Дэвид сидел у него на руке молчаливый и немигающий: безразличный и к жизни своей, и к смерти.

— Ты уже старый, — задумчиво продолжал мальчик. — И быть может, ты мне не друг. Еще год назад ты предпочел бы мой глаз этому вяленому куску мяса, верно? Вот Корт посмеется. Но что-то же есть между нами, какая-то близость… что это, птица? Дружба или почтенный твой возраст?

Дэвид не ответил ему.

Мальчик надел на сокола клобучок и подобрал привязь. Они поднялись из подвала и и вышли из конюшни на свет.

 

Двор на задах Большого Зала на самом деле — вовсе не двор, а узкий зеленый коридор между двумя рядами разросшейся спутанной живой изгороди. Издавна здесь проходил ритуал посвящения мальчиков в мужчины: с незапамятных времен, задолго до Корта и даже его предшественника, который скончался именно здесь, от колотой раны, нанесенной слишком усердной и рьяной рукою. Многие мальчики вышли из этого коридора через восточный вход. Вход, предназначенный для учителя. Вышли мужчинами. Восточный конец коридора ведет к Большому Залу, к цивилизации и интригам просвещенного мира. Но еще больше ребят, окровавленных и избитых, вышло отсюда через западный вход, предназначенный для мальчишек, и эти уже навсегда оставались мальчишками. Этот конец коридора выходит к горам и к хижинам поселенцев. Дальше — дебри дремучих лесов, а еще дальше — пустыня. Те мальчишки, которые становились мужчинами, переходили от тьмы и невежества к свету и принимали ответственность. Тем, которые не выдерживали испытания, оставалось лишь отступить и смириться уже навсегда. Коридор был зеленым и ровным, как площадка для игр. Длиною ровно в пятьдесят ярдов.

Обычно у каждого входа толпятся возбужденные зрители и взволнованные родные, поскольку, как правило, день испытания известен заранее. Восемнадцать — вот самый обычный для испытуемых возраст (те же, кто не решался пройти испытание до двадцати пяти, уходили обычно из дома и становились свободными землевладельцами, и очень скоро про них забывали: про тех, кто не нашел в себе сил встретить лицом к лицу этот жестокий выбор «все или ничего»). Но в тот день не было никого. Только Жами, Катберт, Ален и Томас. Они столпились у западного, для мальчишек, входа и ждали там, затаив дыхание и не скрывая испуга.

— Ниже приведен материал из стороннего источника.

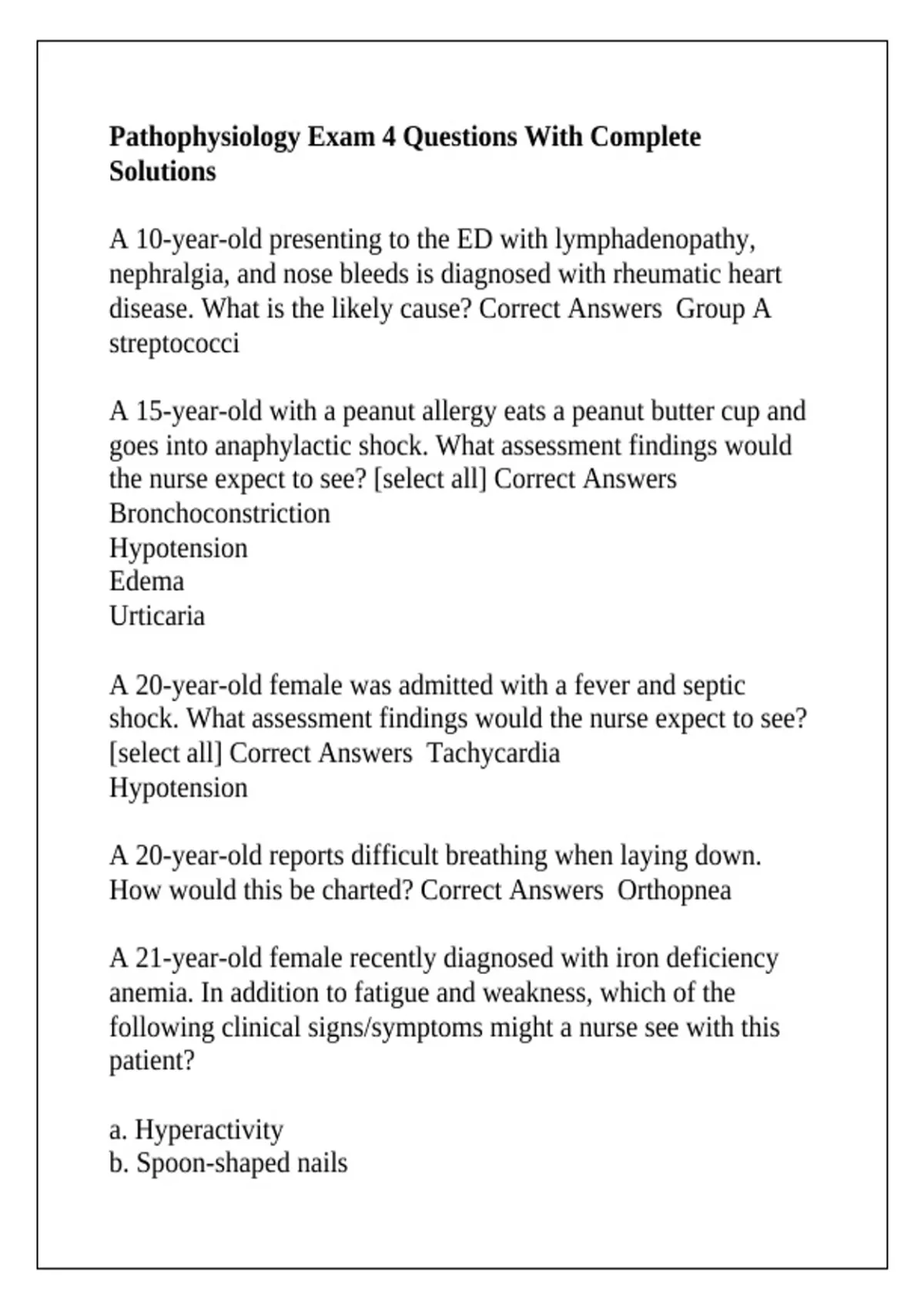 Pathophysiology Exam 4 Questions With Complete Solutions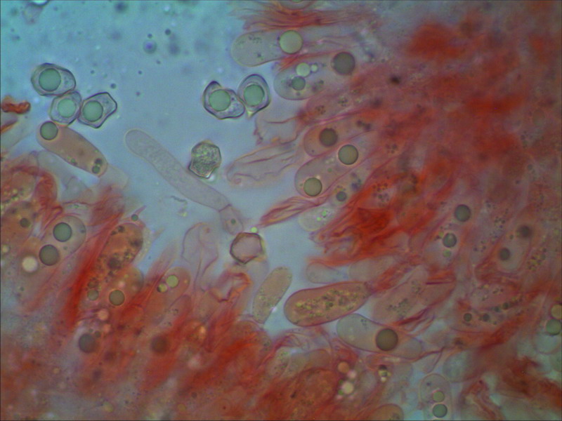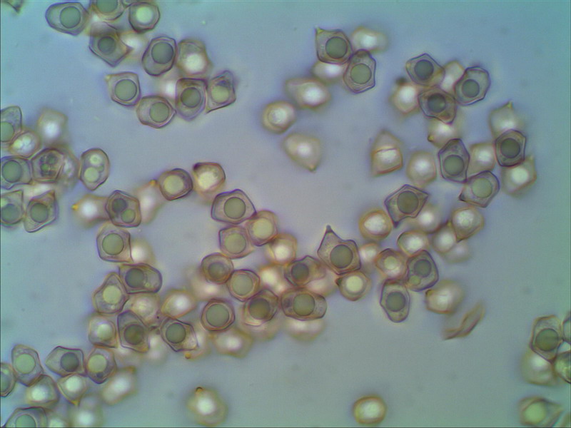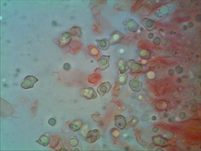 So, da haben wir uns mal ins Neuland gewagt, mit Rötlingen habe ich sehr wenig Erfahrung. Literatur habe ich den LUDWIG, PdS und zwei Bände Fungi Europae über Rötlinge und den Gröger, was weiß ich was noch. Was ich nicht habe ist Erfahrung mit Entoloma, deshalb bezeichne ich mich auf diesen Gebiet als Anfänger. Soweit ich es gelesen habe, sind Sporenform und >Größe, Schnallen ja und nein, Cheilozystiden und HDS die untersuchenden Merkmale. Wie die Sporen zu vermessen sind bei diesen Krickeldingern, muß iich erst mal nachlesen. Ich fange einfach mal an, ein paar Mikros zu zeigen, frei nach der Devise: WIRD SCHON! :O)
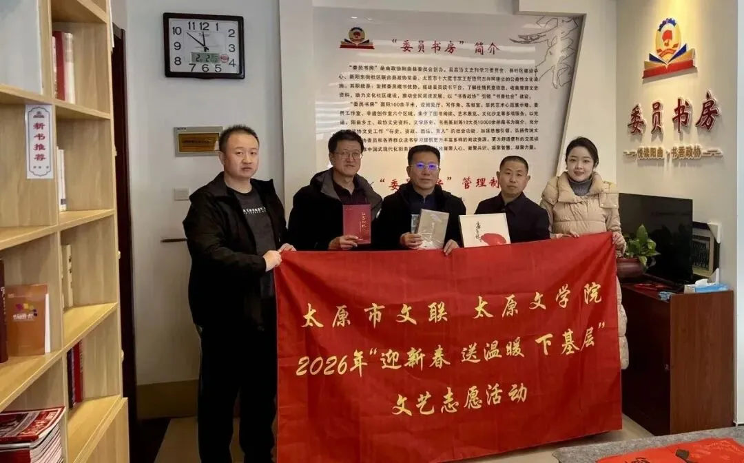 正值太原市文联开展2026年“迎新春 送温暖 下基层”文艺志愿活动之际,2月3日,市文联副主席杨旭东同志带队深入阳曲县文联,代表太原市文联、市文学院为县文联机关干部职工送来关怀与慰问。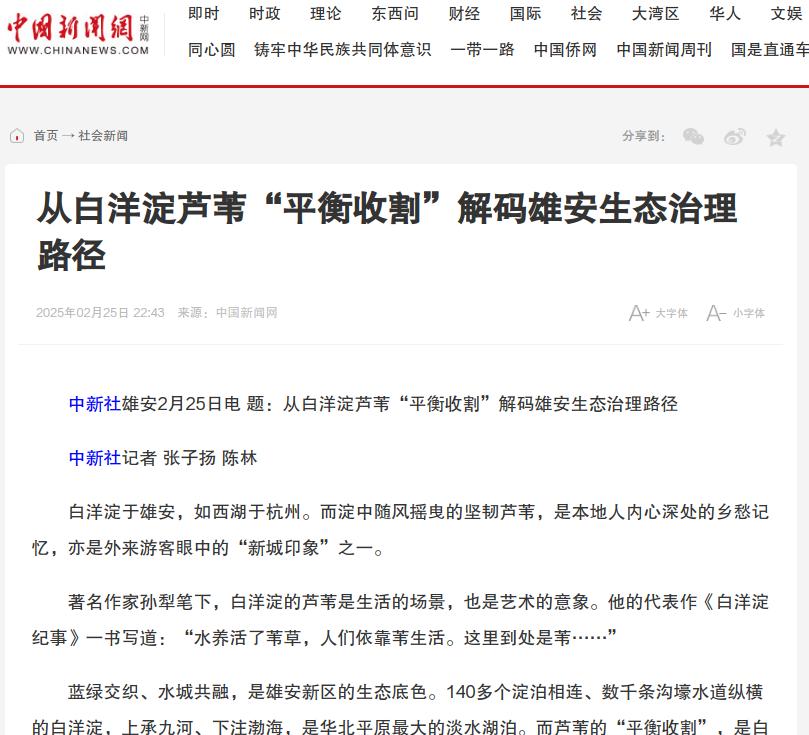 中新网:从白洋淀芦苇“平衡收割”解码雄安生态治理路径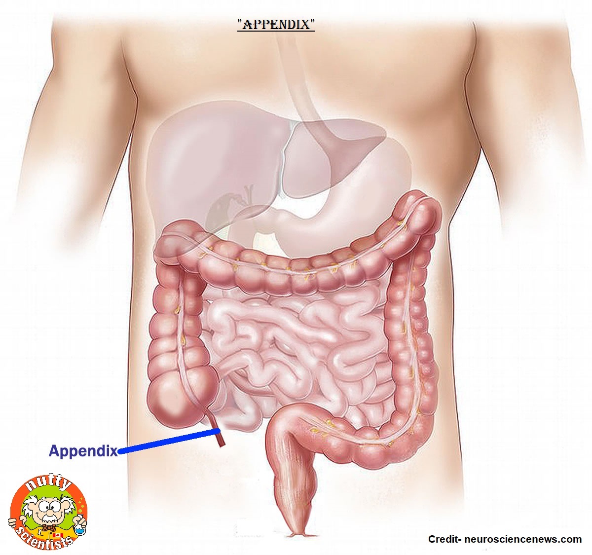 The appendix is a small, pouch-like sac of tissue that is located in the first part of the colon (cecum) in the lower- right abdomen. Lymphatic tissue in the appendix aids in immune function. The official name of the appendix is veriform appendix, which means "worm-like appendage."

— Оружие, идиот! — прошипел Катберт, и в его голосе явственно слышалась боль. — Ты забыл оружие!

— Я не забыл, — сухо отрезал Роланд. Интересно, спросил он себя, но отстраненно, как будто ему было все равно: знают ли уже в главном здании? Знает ли мать… и Мартен? Отец сейчас на охоте и вернется еще не скоро. Может быть, через пару недель. И Роланду было немного стыдно, что он не дождался его возвращения, потому что он знал, что даже если б отец не одобрил его решения, то уж понял бы наверняка.

— Корт пришел?

— Корт уже здесь, — донесся голос с того конца коридора, и показался сам Корт в короткой бойцовской фуфайке и с кожаной лентой на лбу, чтобы пот не заливал глаза. В руке он держал боевой посох из какого-то твердого дерева, заостренную с одного конца и притупленную на манер лопатообразной дубинки с другого. Не тратя времени даром, он затянул литанию, которую все они, слепо избранные по крови отцов, знали с самого раннего детства: учили ее к тому дню, когда они, может быть, станут мужчинами.

— Ты знаешь, зачем ты пришел, мальчишка?

— Я знаю, зачем я пришел, учитель.

— Ты пришел как изгнанник из дома отца своего?

— Я пришел как изгнанник, учитель.

И он будет изгнанником до тех пор, пока не одолеет Корта. Если же Корт одолеет его, он останется изгнанником навсегда.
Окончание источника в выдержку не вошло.